──────── MATERIALS PROVIDED
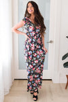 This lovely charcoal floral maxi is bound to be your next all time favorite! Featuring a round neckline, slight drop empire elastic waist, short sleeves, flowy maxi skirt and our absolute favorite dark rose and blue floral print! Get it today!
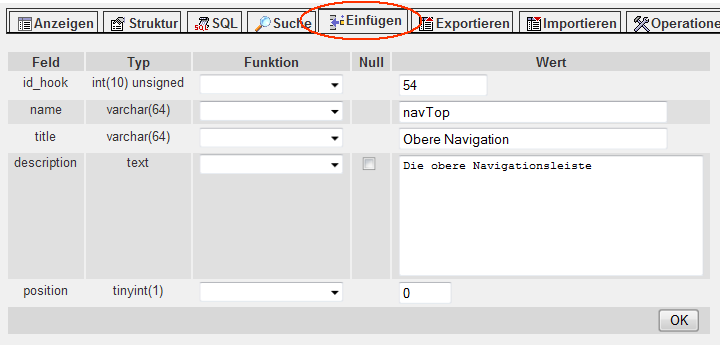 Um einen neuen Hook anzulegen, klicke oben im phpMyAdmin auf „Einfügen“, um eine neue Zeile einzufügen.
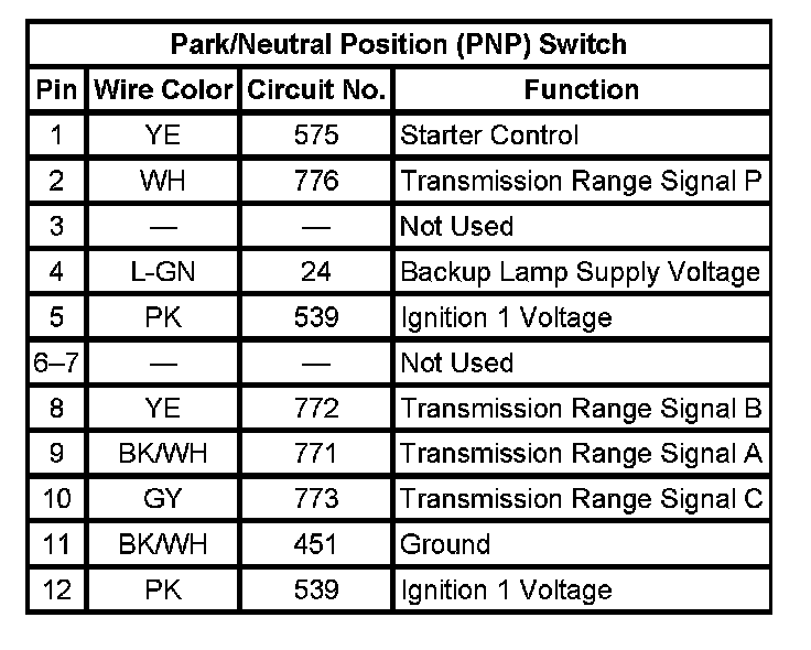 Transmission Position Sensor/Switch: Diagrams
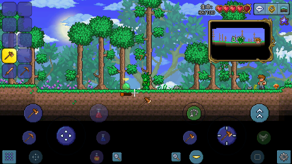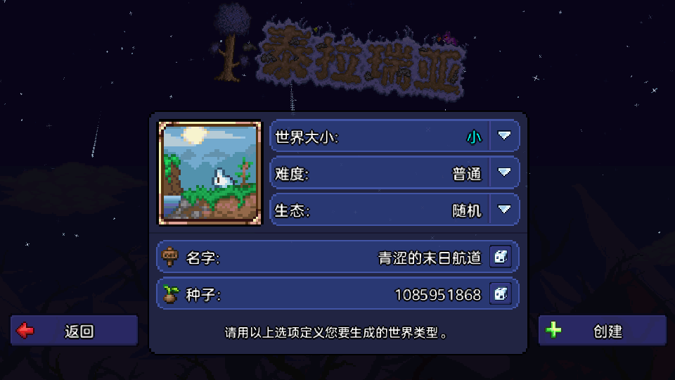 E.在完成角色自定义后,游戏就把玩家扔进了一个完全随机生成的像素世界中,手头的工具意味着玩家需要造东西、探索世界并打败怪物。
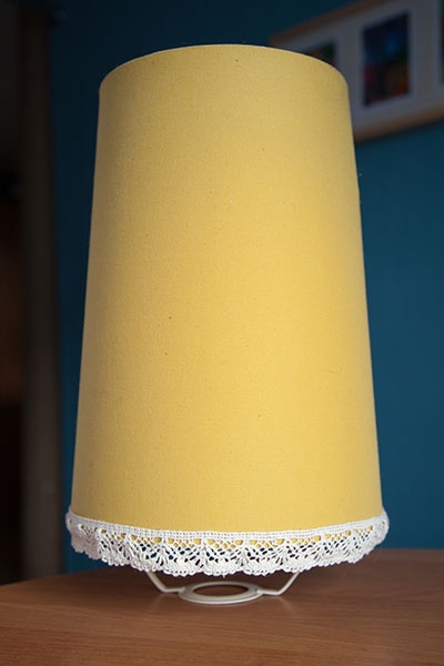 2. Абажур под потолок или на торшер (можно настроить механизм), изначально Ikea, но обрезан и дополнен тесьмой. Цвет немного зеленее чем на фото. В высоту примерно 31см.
────────────────
YOUR INSTRUCTIONS: Copy the data precisely. Skip every picture.

RESULT:
 This lovely charcoal floral maxi is bound to be your next all time favorite! Featuring a round neckline, slight drop empire elastic waist, short sleeves, flowy maxi skirt and our absolute favorite dark rose and blue floral print! Get it today!
 Um einen neuen Hook anzulegen, klicke oben im phpMyAdmin auf „Einfügen“, um eine neue Zeile einzufügen.
 Transmission Position Sensor/Switch: Diagrams
 E.在完成角色自定义后,游戏就把玩家扔进了一个完全随机生成的像素世界中,手头的工具意味着玩家需要造东西、探索世界并打败怪物。
 2. Абажур под потолок или на торшер (можно настроить механизм), изначально Ikea, но обрезан и дополнен тесьмой. Цвет немного зеленее чем на фото. В высоту примерно 31см.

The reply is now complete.